Pan American Airways
| IATA | ICAO | Call sign |
| PN | PXA | CLIPPER |
- Commenced operations: September 26, 1996; 29 years ago
- Ceased operations: February 26, 1998; 28 years ago (merged with Carnival Air Lines)
- Hubs: Miami International Airport
- Fleet size: 12
- Destinations: 17
- Parent company: Pan Am Corporation
- Headquarters: Doral, Florida, U.S.
- Key people: Charles E. Cobb; Martin Shugrue;

= Pan Am (1996–1998) =

1996–1998 airline in the United States

Pan American Airways, also known as Pan Am II, was an airline created in 1996 by an investment group that included former US ambassador Charles Cobb. The group purchased the rights to the Pan Am brand after the original carrier declared bankruptcy in 1991. The airline was headquartered in the then-unincorporated city of Doral, near Miami, Florida.
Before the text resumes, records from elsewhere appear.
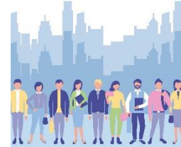
Upplev effekt hos de som bor, lever och verkar i Vaggeryds kommun

Exempel på hur effekterna syns i våra verksamheter:
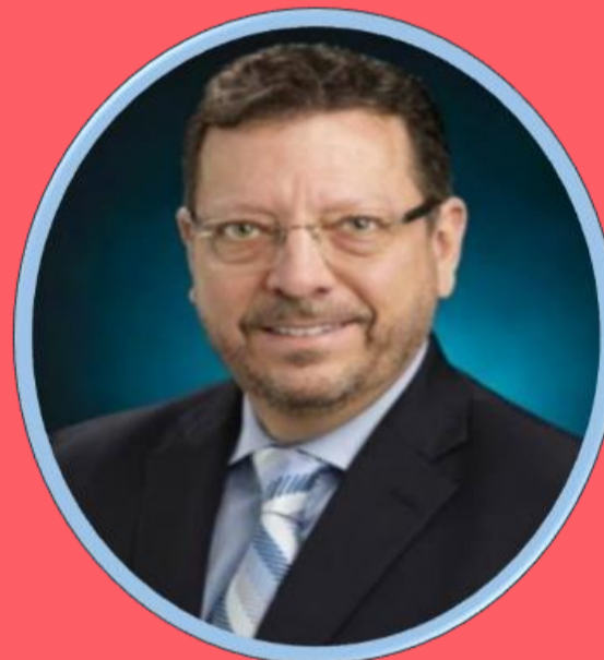
RICARDO LORET DE MOLA
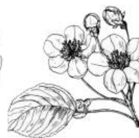
Afirmiação 8 B
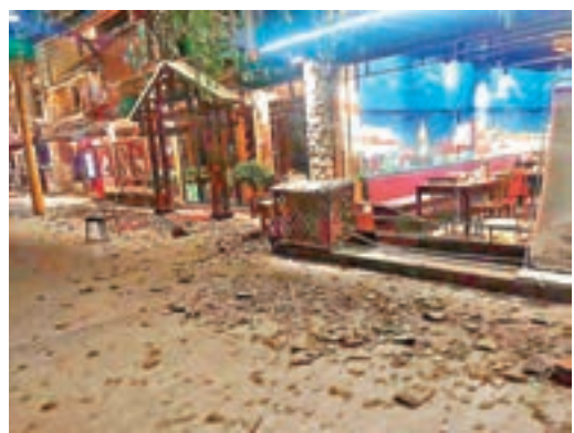
九寨溝景區遊客中心附近因地震受損的街區。

央視網的報道顯示，甘肅、陝西、重慶、山西、河南、寧夏、青海等省份都有震感。陝西西安不少網友都迅速在新浪微博上傳當地民眾疏散照片，指「有強烈的感覺」。

It ceased operations in 1998 and was quickly replaced by Pan Am III.

==History==
In September 1996, Pan Am II was started with an Airbus A300 named the Clipper Fair Wind. The goal was to provide low-cost, long-distance travel to major U.S. and Caribbean cities. The new airline was led by the last Vice Chairman and Chief Operations Officer of Pan Am, Martin Shugrue, who also helped in the creation of the WorldPass frequent flyer program and who served as President of Continental Airlines and later trustee of the Eastern Air Lines estate.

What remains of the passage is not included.